NowSecure (Formerly viaForensics) is a Chicago-based mobile security company that publishes mobile app and device security software.

2009: Beginnings
Former CEO and Co-founder Andrew Hoog was working as a CIO when one of his employees was dismissed. After this dismissal, Hoog was tasked with reviewing whether the employee had stolen any sensitive data from the company. Rather than hire a forensics firm to investigate, Hoog performed the investigation himself and continued to do forensic work on the side.

2009-2014: From Forensics to Security
Hoog and his wife Chee-Young Kim both contributed money to start the company, originally known as Chicago Electronic Discovery and then as viaForensics. Hoog devoted himself full-time to mobile forensics, while Kim continued to work at her corporate job during the day and participated in the business development at night and on weekends. In March 2011, viaForensics was profitable to the extent that it could pay for employee benefits, so Kim left her job and went to work at viaForensics full-time.
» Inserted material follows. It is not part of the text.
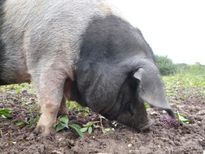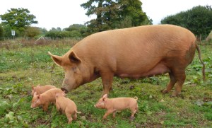 Our Ranger Pigs live very well; one sack of high protein, non GM, vegetarian pelleted food every day, topped up with a regular supply of fruit and vegetables; tomatoes, melons, sugarbeet and mangoes all go down a treat!

On June 5 of that year, viaExtract 1.0 was released at a conference in Myrtle Beach. viaForensics introduced what was known as viaLab in March 2013. viaLab was a product that allowed automated testing for a variety of security flaws in apps, including man-in-the-middle attacks, SSL strip attacks, coding problems, and opportunities for reverse engineering.
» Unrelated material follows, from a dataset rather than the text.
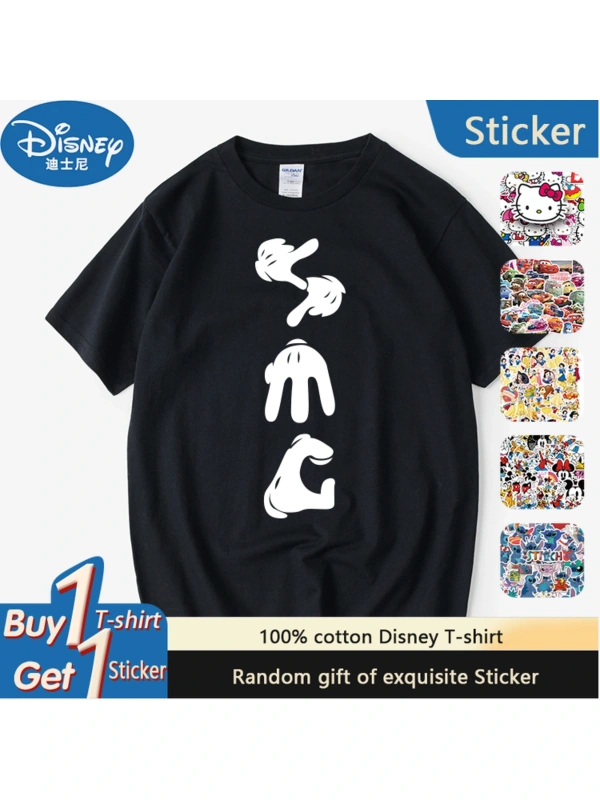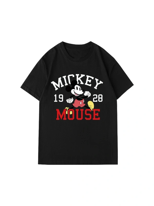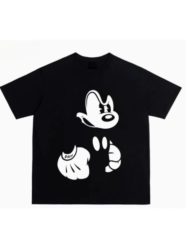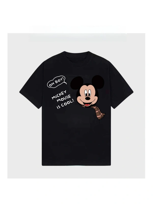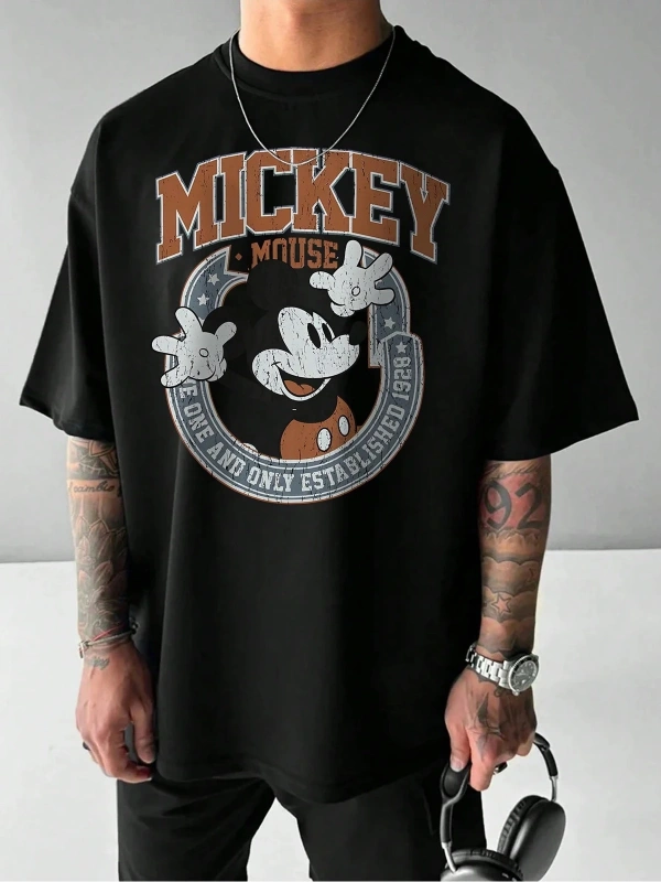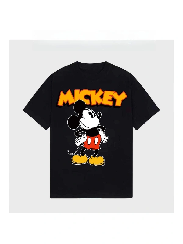 Unique----Unisex Kadın Erkek Mickey Mous Özel Baskılı Oversize Pamuk Penye T-shirt Siyah

viaForensics was the subject of INC 5000's "#13 fastest-growing tech company in the US" award in 2014.

2014-Present: Rebrand to NowSecure
In 2014, viaForensics launched viaProtect, an app to show users destinations and sources of data to and from their mobile devices, at RSA Conference. The company then began to focus more on similar individual and enterprise device protection. As a result of this focus shift, viaForensics decided to rebrand as NowSecure.

Products
NowSecure is the publisher of NowSecure Forensics (formerly viaExtract), NowSecure Lab (formerly viaLab), and the NowSecure Mobile Apps (formerly viaProtect). NowSecure Forensics is designed for law enforcement to extract artifacts from mobile devices by applying deleted data recovery and data search. NowSecure Lab is mobile app vulnerability scanning software. NowSecure Mobile is a free end-user oriented vulnerability scanner for iOS, Android, and Blackphone.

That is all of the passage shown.